UK UWMN findings feature in New Scientist article and leader on Dissolved Organic Carbon and "global browning"
Chris Evans from the UK UWMN is quoted discussing research from the Network in New Scientist magazine, in an article titled Global browning: Why the world’s fresh water is getting murkier. The leader can be read here.
UK UWMN data used to develop a model for dissolved organic carbon concentrations in upland waters
UK UWMN data and authors have contributed to a paper in Biogeochemistry titled Spatial controls on dissolved organic carbon in upland waters inferred from a simple statistical model.
UK UWMN data used in meta-analysis paper on acidified European and North American surface waters
Data from six UK UWMN sites have been included in an ICP Waters paper in Water Air and Soil Pollution titled Trends in Surface Water Chemistry in Acidified Areas in Europe and North America from 1990 to 2008.
UK UWMN data used in pan-European study of trends in biological diversity of benthic invertebrates from acid-sensitive lakes and rivers
UK UWMN data and authors contributed to the ICP Waters report Biodiversity in freshwaters: temporal trends and response to water chemistry.
UK UWMN Special Issue of the journal Ecological Indicators
In late 2013 the UK UWMN consortium produced a 12 paper special issue of Ecological Indicators, titled Threats to upland waters.
DEFRA Press Release: Acid rain: 20 years on...
Chances are that back in the 1980s, acid rain would have been high on everyone’s list of environmental concerns. But what exactly is acid rain and is it something we should still be concerned about?
A report published today by the Acid Waters Monitoring Network (AWMN) shows that UK policies put into place some 20 years ago to reduce acidifying pollution have been successful and as a result waters in the UK are now beginning to recover.
However it’s not all good news — whilst the waters are recovering, there is still a long way to go before the plant and animal communities are restored to full health. For example there are many rivers and lakes still devoid of brown trout or salmon as a result of the damage caused by acid rain. There is also increasing concern that the recovery will be limited by other factors such as future climate change, meaning that further emission reductions may be necessary.
As a basic explanation, acid rain is caused by the burning of fossil fuels; burning oil, gas and coal in power stations releases sulphur dioxide (SO2) and nitrogen oxides (NOX) into the atmosphere. Motor vehicles add further nitrogen oxides and then when these gases mix with water droplets in the atmosphere they create weak solutions of nitric and sulphuric acids. These solutions can then fall to the earth as 'acid' rain increasing the acidity levels of soils, acidifying rivers and lakes, especially those in the uplands, and creating a toxic environment for aquatic life. Over the past 22 years, these levels have been monitored and it’s this evidence, in addition to impacts of other pollution, types of land-use and climate change, that’s been drawn together into the AWMN report.
Environment Minister Lord Henley said:
"This report shows the impact of 20 years of Defra policies to tackle acid rain and the environmental damage it causes.
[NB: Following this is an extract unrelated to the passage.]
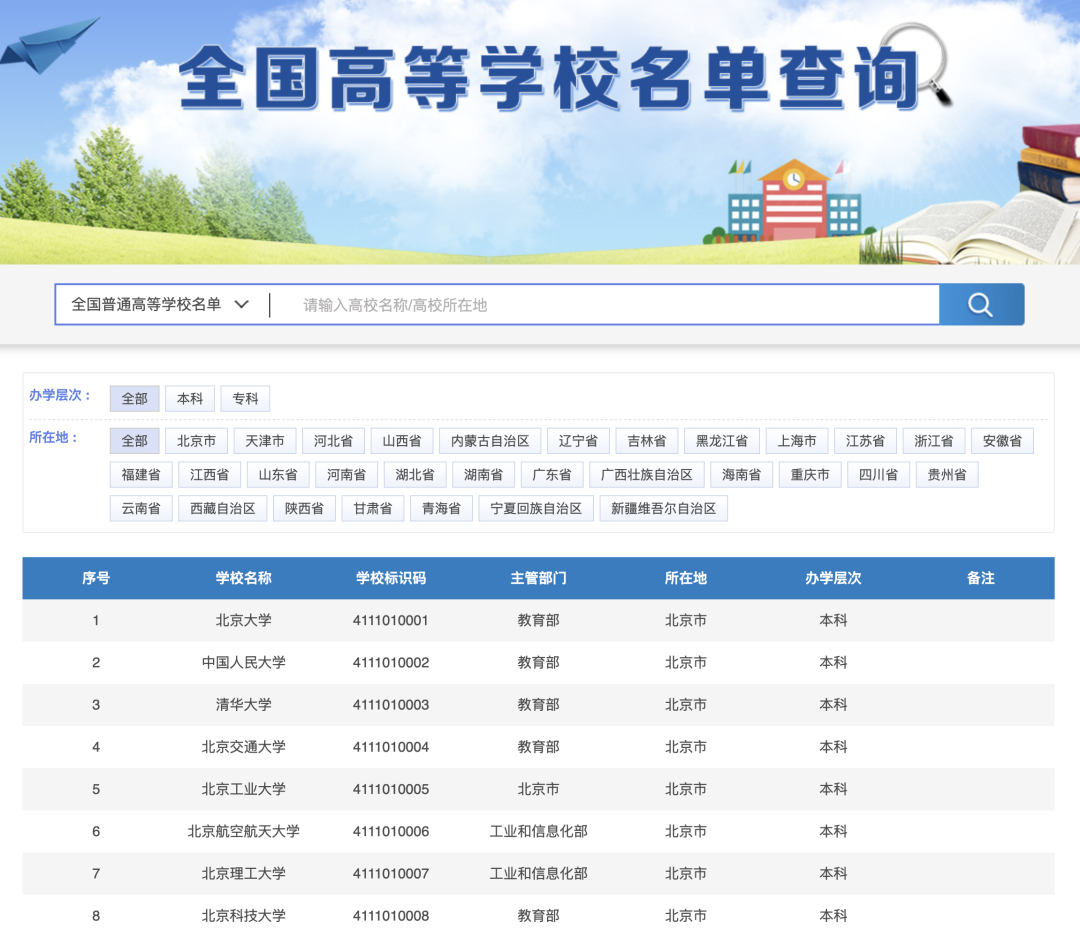 教育部发布全国高等学校名单-尊龙凯时国际娱乐

It also demonstrates the opportunity we have to build on this success through forthcoming international agreements that will allow us to return damaged rivers and lakes to a healthy state where fish such as trout and salmon can flourish."
In the near future, emissions of the pollutants which cause acid rain are expected to continue to reduce. This will help to create the conditions in which our damaged lakes and rivers can carry on recovering. To achieve the even higher reductions which will be necessary for continued recovery in the face of climate change, Defra is playing a key role in a number of international agreements such as the EU National Emission Ceilings Directive and the Gothenburg Protocol, which is currently under review.
Importantly, Defra and its partner organisations will also continue to study rivers and lakes damaged by acid rain, helping us to monitor the pace.